But there's another, even-more-obvious framework for baseball events: GAMES. Every batter-pitcher match-up happens within the context of a game. In 1876, batters and pitchers had the same roles, and thus the same usage: starters played almost every game, and almost every inning, and reserves were basically emergency back-ups. Aside from the practice of platooning, a batter's role hasn't changed much in the last 140 years, whereas the pitcher's role has evolved through the generations and fragmented into a variety of roles - from a complete game starter who pitches once every five days to a one-out reliever who can pitch several days in a row, and everything in between.

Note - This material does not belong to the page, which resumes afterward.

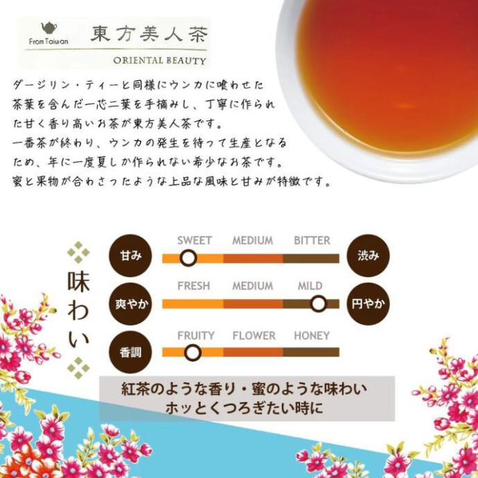 お求めやすい使い切りサイズの「東方美人」リーフティーバッグ。

Since a pitcher's role is part of his personality/statistical image, I am adding one more rate to the seven Voros/Tango components: batters faced per game. And since a batter's role is NOT really a defining part of his personality (and since it would render the rate meaningless if I confounded hitters' plate appearances with pitchers' batters faced) it is a pitchers-only rate.

So here are the eight rates - the eight attributes that define the "personality" of a baseball player or cohort or cohort-group - and the formulas I use to calculate them, grouped by what statistics they draw from (batting, pitching, or both):

Pitchers Only:
BF / G

Batters and Pitchers (the "Three True Outcomes"):
$BB = (BB + HBP) / PA
$SO = SO / (PA - BB - HBP)
$HR = HR / (PA - BB - SO - HBP)

Batters Only:
$H = (H - HR) / (PA - HR - BB - SO - HBP)
$XBH = (2B + 3B) / (H - HR)
$3B = 3B / (2B + 3B)
$SB = SB / (H - 2B - 3B - HR + BB + HBP)

(Unlike Albert, I use (PA - BB - HBP) instead of at-bats, because at-bats weren't recorded for pitchers until 1930, and because it keeps sac flies and sac hits included in the denominator.)

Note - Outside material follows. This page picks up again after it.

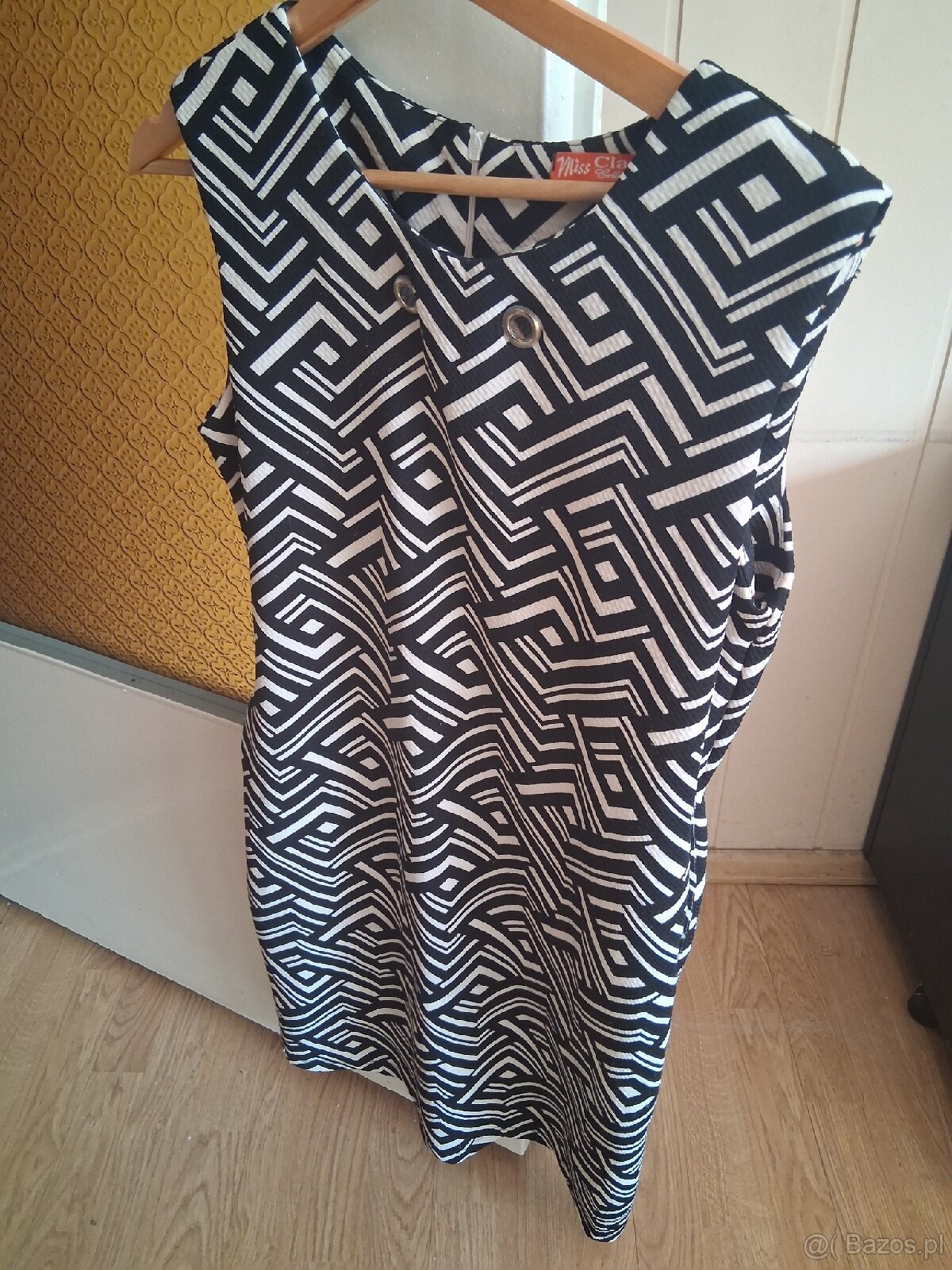Sukienka turecka, oryginalny wzór, 2 falbany, M - jak nowa - [29.1. 2026]Sprzedam: urocza sukienka, z fantazyjnym dekoltem z kokardą, bardzo miła w dotyku, lekko rozciągliwa, rozmiar EU 36-38, zakończona dwiema falbanami, atrakcyjny wzór, przewiewna. Przybliżone wymiary: długość 97 cm, obwód biustu 88 cm, krótki rękaw (długość z mankietem 29 cm). Stan bardzo dobry (zdję ...

Since the "three true outcomes" ($BB, $SO, and $HR) combine batting AND pitching statistics, the formula for $BB (as an example) is actually

$BB = (BBb + HBPb + BBp + HBPp) / (PA + BF)

where BBb is batters' bases on balls, BBp is pitchers' bases on balls, etc.

This means that when 1991-born Mike Trout faces 1991-born Trevor Bauer, it counts as TWO plate appearances for the 1991 cohort. And if Trout strikes out, it counts as two strikeouts, and if he homers, it counts as two homeruns. (Actually, a homerun would go down as an 0-for-2 in the $BB component, an 0-for-2 in the $SO component, and a 2-for-2 in the $HR component. But if Trout instead hits a single, it would be an 0-for-2 in $HR and a 1-for-1 in $H, since the $H rate doesn't draw from pitcher statistics.)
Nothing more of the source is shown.